#### [DATA TO EXAMINE]
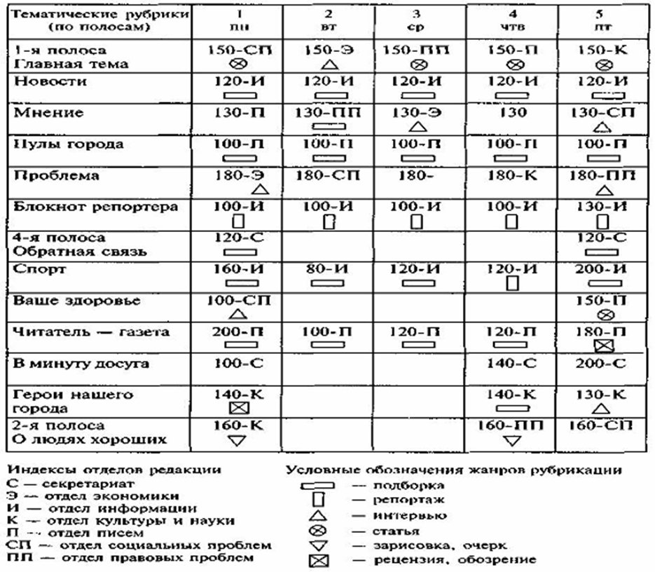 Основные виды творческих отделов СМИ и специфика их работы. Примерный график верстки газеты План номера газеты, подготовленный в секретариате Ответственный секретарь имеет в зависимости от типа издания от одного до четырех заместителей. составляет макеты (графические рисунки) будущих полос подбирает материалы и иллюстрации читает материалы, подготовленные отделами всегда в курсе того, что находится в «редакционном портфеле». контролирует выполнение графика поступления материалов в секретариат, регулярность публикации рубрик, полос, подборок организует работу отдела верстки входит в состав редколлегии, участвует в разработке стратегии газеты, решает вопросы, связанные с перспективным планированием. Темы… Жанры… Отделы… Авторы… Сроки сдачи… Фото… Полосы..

--

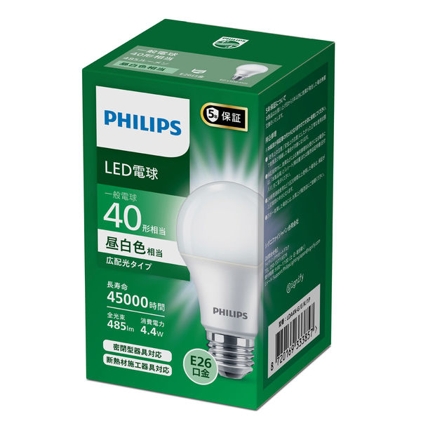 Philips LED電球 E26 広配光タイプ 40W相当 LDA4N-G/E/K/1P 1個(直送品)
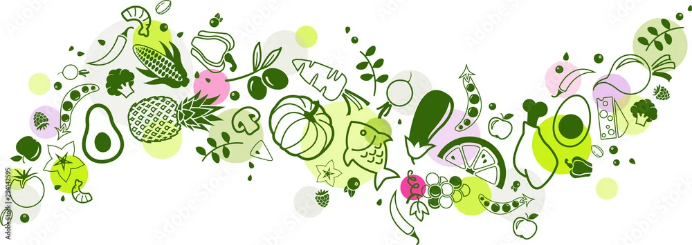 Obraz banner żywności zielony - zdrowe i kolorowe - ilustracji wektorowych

#### [DIRECTIONS]
Extract from the material above the stretch running from the line containing "Philips LED電球 E26" through the line containing "Obraz banner żywności". Keep the text exact and the pictures out.

#### [EXERCISE SOLUTION]
 Philips LED電球 E26 広配光タイプ 40W相当 LDA4N-G/E/K/1P 1個(直送品)
 Obraz banner żywności zielony - zdrowe i kolorowe - ilustracji wektorowych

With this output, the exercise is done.